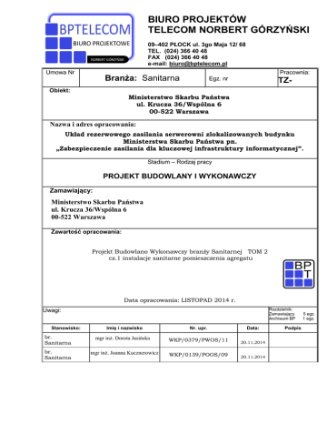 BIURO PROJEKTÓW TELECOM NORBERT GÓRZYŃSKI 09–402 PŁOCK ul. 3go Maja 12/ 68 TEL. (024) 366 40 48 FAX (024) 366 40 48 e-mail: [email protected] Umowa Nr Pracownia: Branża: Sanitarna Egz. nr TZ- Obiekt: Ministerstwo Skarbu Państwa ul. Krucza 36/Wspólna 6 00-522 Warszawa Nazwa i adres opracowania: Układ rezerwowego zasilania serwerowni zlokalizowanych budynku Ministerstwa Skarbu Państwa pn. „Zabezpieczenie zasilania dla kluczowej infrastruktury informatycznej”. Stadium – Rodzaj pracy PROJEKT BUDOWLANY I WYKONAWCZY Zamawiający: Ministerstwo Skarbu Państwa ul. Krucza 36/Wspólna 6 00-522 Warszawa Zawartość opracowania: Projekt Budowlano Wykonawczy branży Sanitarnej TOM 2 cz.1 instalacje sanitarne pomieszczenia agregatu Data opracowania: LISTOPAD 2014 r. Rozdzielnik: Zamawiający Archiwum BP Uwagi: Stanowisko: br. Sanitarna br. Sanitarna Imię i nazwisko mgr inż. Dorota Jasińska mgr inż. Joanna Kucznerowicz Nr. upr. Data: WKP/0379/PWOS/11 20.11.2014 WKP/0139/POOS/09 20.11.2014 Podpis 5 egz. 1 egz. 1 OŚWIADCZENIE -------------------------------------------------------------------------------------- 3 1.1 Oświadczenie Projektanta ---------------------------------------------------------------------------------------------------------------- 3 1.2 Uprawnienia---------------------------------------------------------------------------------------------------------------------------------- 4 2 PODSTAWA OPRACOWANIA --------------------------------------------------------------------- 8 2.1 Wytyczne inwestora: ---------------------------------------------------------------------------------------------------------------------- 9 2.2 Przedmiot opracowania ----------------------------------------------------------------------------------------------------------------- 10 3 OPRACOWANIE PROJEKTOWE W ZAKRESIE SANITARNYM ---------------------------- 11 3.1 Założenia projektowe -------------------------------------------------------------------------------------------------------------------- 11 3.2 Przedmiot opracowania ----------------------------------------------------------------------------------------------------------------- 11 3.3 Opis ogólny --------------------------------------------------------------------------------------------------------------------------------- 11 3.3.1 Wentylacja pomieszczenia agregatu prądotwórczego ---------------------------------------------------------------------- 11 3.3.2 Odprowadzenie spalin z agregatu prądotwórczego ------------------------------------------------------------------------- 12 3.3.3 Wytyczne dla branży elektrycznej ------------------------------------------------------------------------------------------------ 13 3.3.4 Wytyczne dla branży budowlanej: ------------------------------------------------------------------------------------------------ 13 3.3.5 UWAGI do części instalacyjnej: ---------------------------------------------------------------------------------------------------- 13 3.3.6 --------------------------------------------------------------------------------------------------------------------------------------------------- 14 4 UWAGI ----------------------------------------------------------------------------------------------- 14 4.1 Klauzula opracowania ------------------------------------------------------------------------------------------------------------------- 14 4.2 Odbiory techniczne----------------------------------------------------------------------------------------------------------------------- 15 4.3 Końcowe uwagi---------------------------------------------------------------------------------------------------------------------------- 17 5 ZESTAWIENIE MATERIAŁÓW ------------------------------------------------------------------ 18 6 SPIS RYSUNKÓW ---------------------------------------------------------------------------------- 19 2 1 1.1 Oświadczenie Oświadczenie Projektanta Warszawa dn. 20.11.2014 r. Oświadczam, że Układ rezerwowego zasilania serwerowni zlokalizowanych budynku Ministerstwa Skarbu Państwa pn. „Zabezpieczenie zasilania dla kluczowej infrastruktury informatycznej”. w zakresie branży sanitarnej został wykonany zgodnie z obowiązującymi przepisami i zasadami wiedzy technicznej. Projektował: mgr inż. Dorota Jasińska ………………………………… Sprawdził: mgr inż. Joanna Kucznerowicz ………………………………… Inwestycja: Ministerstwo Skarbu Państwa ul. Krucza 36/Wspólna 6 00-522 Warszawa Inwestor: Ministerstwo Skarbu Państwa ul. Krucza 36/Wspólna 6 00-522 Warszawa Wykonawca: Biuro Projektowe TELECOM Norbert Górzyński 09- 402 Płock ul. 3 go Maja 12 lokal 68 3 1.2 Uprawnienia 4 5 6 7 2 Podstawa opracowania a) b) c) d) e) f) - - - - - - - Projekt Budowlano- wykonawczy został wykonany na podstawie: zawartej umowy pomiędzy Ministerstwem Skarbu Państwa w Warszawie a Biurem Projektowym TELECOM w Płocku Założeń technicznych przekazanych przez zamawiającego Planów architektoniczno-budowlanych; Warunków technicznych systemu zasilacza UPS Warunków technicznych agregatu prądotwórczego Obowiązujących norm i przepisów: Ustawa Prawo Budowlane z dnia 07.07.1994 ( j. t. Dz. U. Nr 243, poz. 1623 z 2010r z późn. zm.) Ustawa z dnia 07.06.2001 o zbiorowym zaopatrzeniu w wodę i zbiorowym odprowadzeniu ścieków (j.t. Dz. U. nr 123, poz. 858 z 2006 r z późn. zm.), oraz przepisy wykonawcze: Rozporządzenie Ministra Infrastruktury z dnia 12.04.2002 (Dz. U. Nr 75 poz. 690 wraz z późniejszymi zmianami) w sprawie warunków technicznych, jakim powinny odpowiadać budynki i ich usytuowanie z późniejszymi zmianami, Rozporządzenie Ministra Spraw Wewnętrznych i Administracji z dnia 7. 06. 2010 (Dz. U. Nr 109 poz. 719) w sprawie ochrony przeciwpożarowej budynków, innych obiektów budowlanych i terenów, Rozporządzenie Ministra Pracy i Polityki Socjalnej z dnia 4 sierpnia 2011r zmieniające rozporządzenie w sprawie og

==

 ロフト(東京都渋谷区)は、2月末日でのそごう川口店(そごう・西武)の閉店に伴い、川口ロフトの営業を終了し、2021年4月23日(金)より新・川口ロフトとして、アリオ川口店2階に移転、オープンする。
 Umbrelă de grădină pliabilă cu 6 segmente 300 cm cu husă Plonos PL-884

## Work instruction:
All lines in the listing above from the line containing "ロフト(東京都渋谷区)は、2" to the line containing "Umbrelă de grădină", inclusive, should be retyped exactly; no other lines should appear.

## Your solution:
 ロフト(東京都渋谷区)は、2月末日でのそごう川口店(そごう・西武)の閉店に伴い、川口ロフトの営業を終了し、2021年4月23日(金)より新・川口ロフトとして、アリオ川口店2階に移転、オープンする。
 Umbrelă de grădină pliabilă cu 6 segmente 300 cm cu husă Plonos PL-884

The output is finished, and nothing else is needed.